• **How to complete this task**
After locating the line that contains "وجرى خلال الاجتماع" in the records below, write out exactly that line and each line after it through the one that contains "Wonderfully maintained home", and nothing else.

• **Records supplied**

________________________

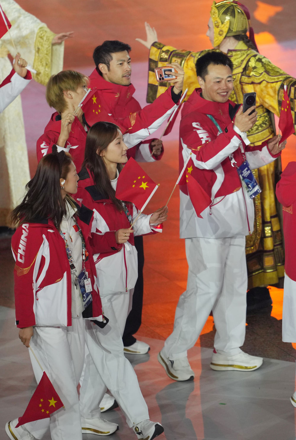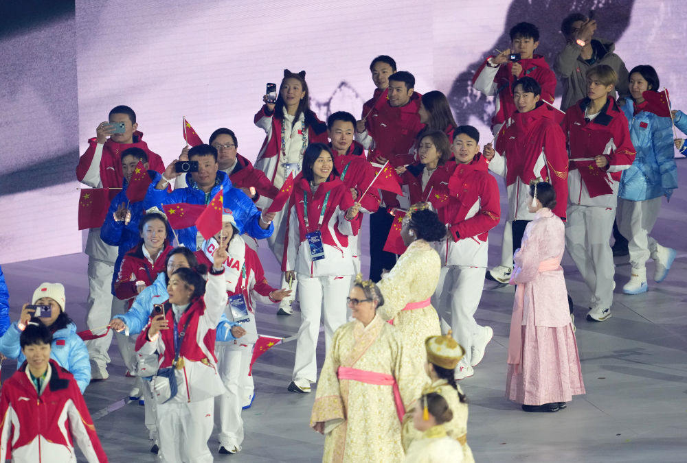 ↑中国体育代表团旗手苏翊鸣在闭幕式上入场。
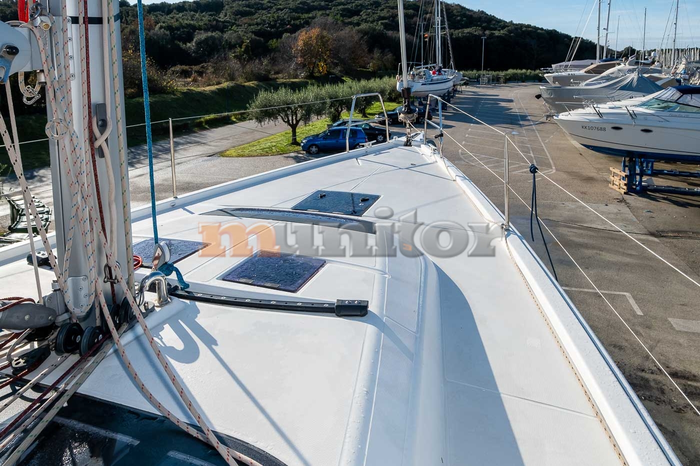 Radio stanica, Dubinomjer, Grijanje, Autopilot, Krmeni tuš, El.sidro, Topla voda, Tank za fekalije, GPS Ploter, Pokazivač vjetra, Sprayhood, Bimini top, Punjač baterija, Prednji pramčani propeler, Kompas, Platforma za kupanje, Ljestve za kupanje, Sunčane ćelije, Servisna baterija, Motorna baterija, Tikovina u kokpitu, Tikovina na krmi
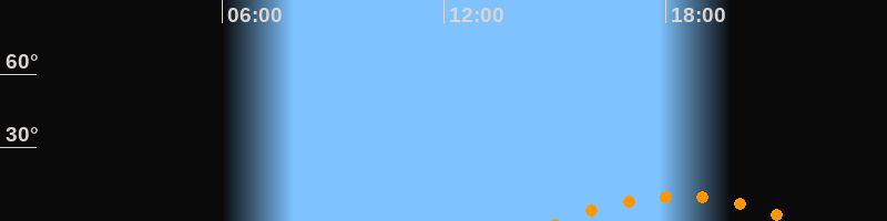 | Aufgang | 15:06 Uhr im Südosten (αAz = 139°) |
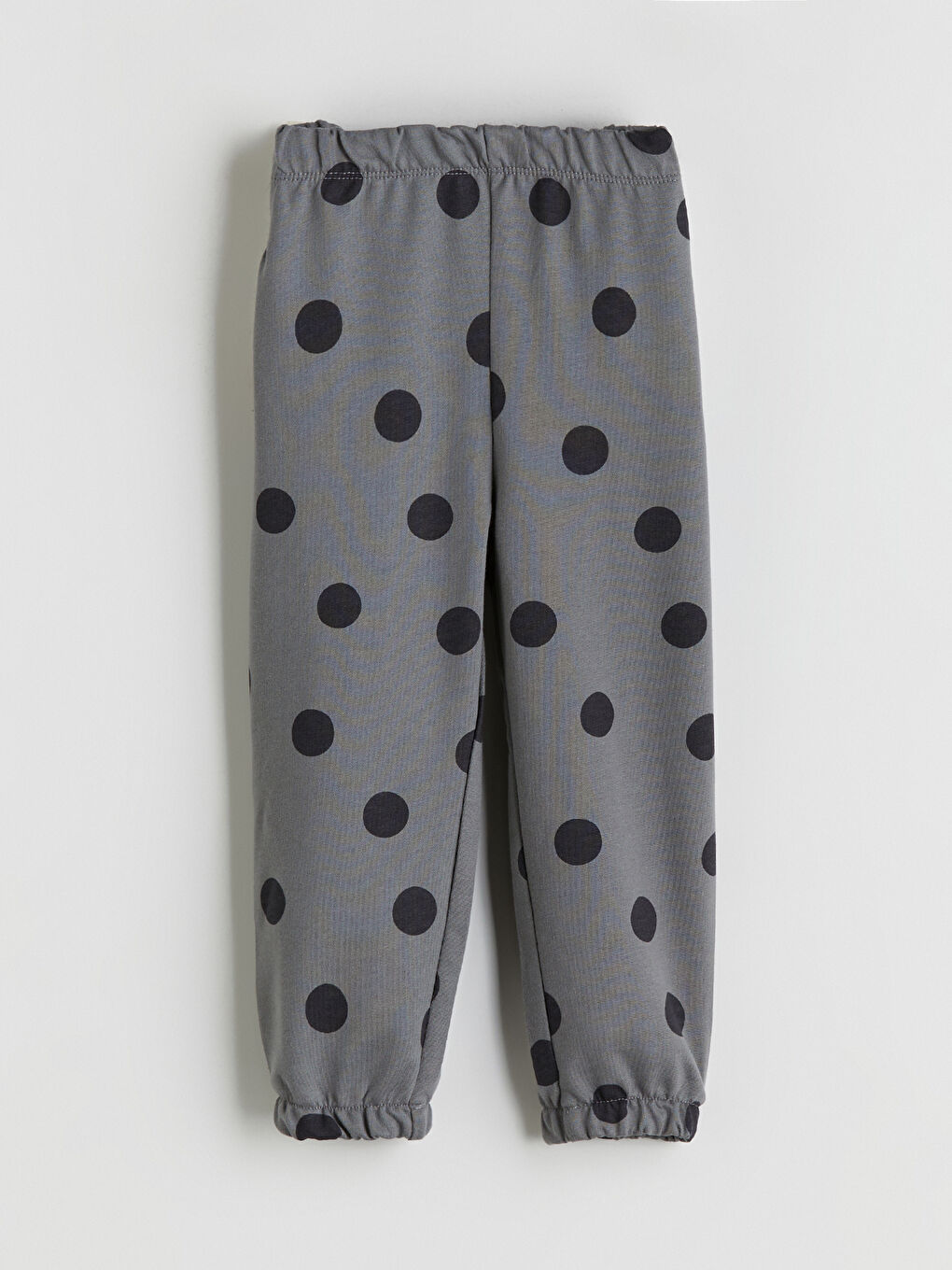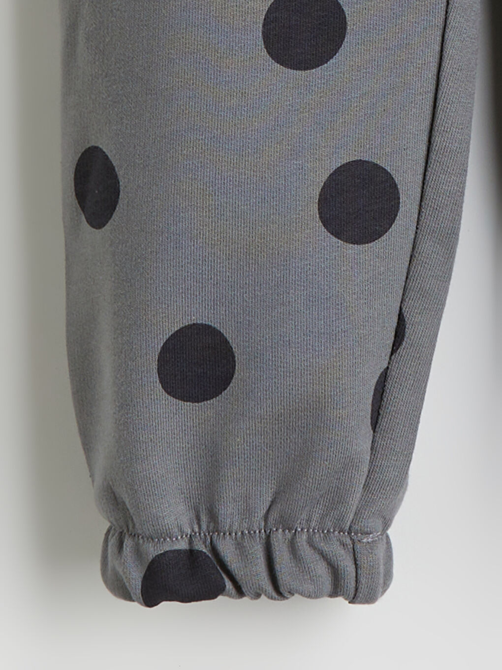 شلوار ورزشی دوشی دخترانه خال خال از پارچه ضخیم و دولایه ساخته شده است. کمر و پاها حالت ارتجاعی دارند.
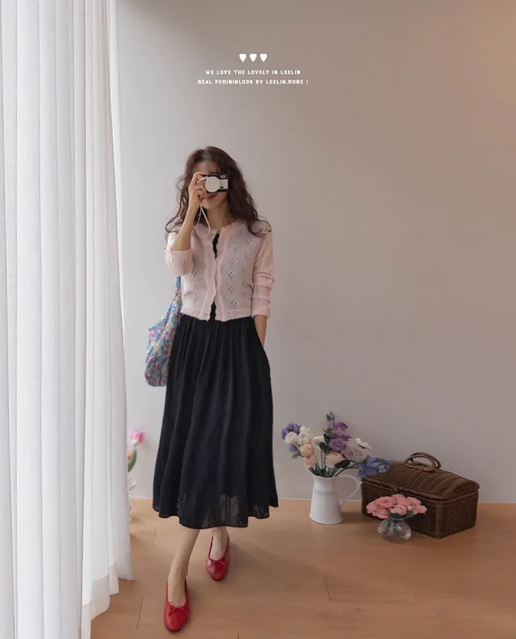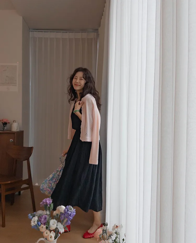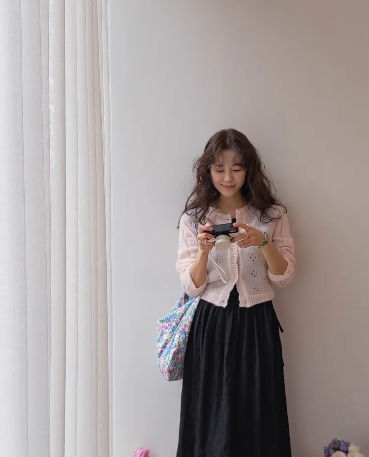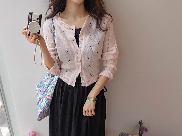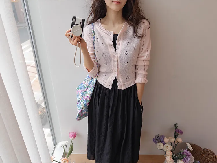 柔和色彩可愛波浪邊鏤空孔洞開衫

________________________

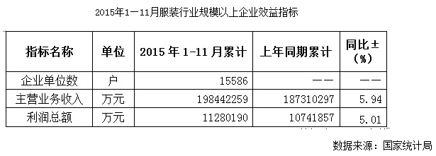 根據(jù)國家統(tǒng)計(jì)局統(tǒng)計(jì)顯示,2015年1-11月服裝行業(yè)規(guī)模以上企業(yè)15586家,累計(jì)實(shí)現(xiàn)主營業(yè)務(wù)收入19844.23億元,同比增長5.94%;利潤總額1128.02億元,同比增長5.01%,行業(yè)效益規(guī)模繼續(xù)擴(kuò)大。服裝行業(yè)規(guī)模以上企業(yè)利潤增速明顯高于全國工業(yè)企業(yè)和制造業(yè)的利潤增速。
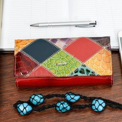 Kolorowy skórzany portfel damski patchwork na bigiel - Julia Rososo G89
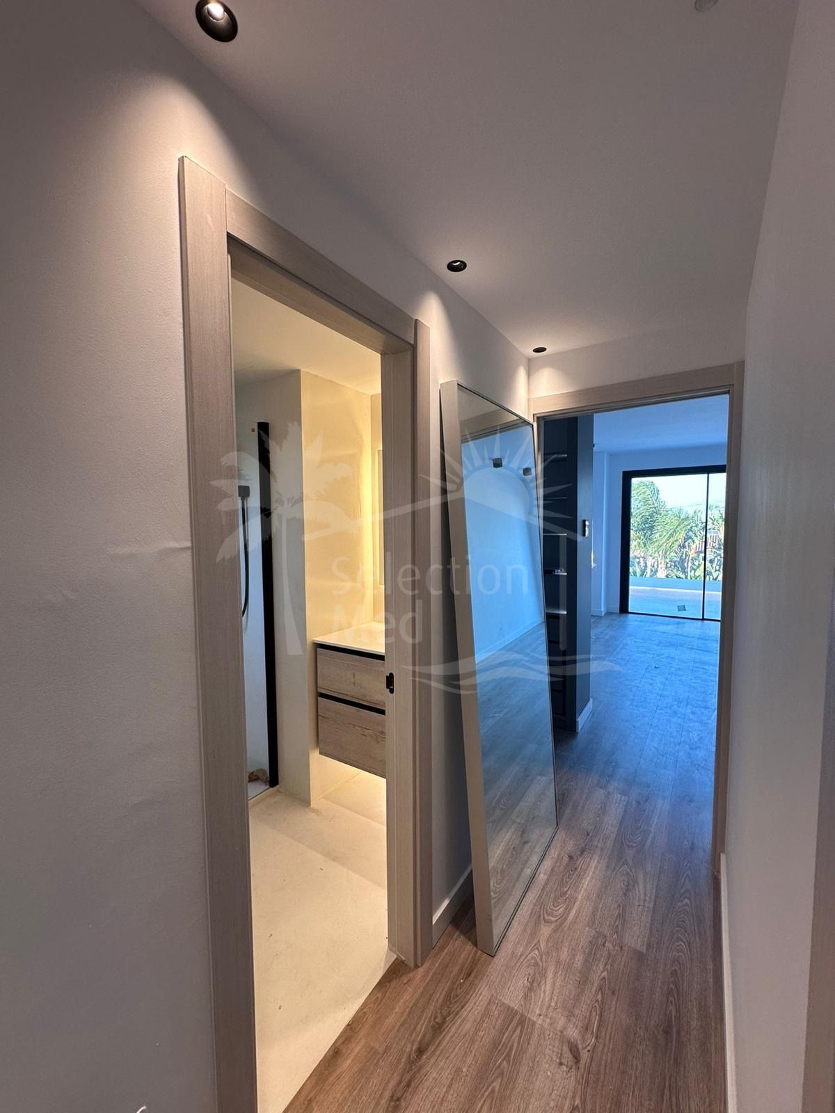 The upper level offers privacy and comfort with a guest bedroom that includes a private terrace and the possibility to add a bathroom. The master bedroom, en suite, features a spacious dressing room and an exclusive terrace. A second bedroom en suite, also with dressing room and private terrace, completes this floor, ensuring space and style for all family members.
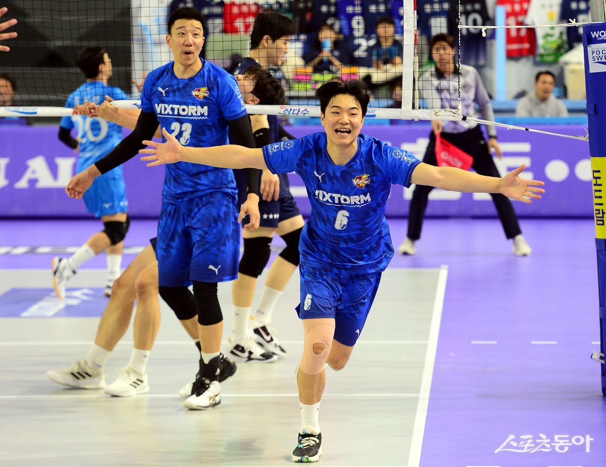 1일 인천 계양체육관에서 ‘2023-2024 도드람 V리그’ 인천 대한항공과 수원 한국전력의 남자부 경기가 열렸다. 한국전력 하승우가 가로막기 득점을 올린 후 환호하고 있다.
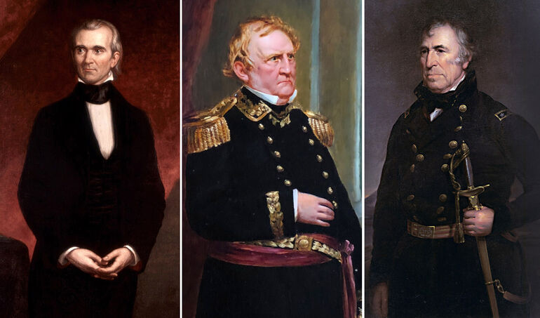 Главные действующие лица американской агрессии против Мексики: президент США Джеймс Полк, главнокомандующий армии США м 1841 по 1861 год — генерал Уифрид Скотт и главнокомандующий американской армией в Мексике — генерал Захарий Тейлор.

________________________

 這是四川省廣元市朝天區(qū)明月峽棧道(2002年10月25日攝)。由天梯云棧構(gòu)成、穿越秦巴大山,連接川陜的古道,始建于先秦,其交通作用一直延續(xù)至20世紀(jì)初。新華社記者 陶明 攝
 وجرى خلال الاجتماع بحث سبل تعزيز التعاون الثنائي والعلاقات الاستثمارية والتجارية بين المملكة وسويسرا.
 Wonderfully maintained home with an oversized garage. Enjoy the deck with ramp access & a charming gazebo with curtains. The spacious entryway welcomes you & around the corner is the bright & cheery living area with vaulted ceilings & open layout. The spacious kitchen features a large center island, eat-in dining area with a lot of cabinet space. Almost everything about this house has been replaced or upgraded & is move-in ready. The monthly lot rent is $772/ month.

________________________

• **Problem solution**
 وجرى خلال الاجتماع بحث سبل تعزيز التعاون الثنائي والعلاقات الاستثمارية والتجارية بين المملكة وسويسرا.
 Wonderfully maintained home with an oversized garage. Enjoy the deck with ramp access & a charming gazebo with curtains. The spacious entryway welcomes you & around the corner is the bright & cheery living area with vaulted ceilings & open layout. The spacious kitchen features a large center island, eat-in dining area with a lot of cabinet space. Almost everything about this house has been replaced or upgraded & is move-in ready. The monthly lot rent is $772/ month.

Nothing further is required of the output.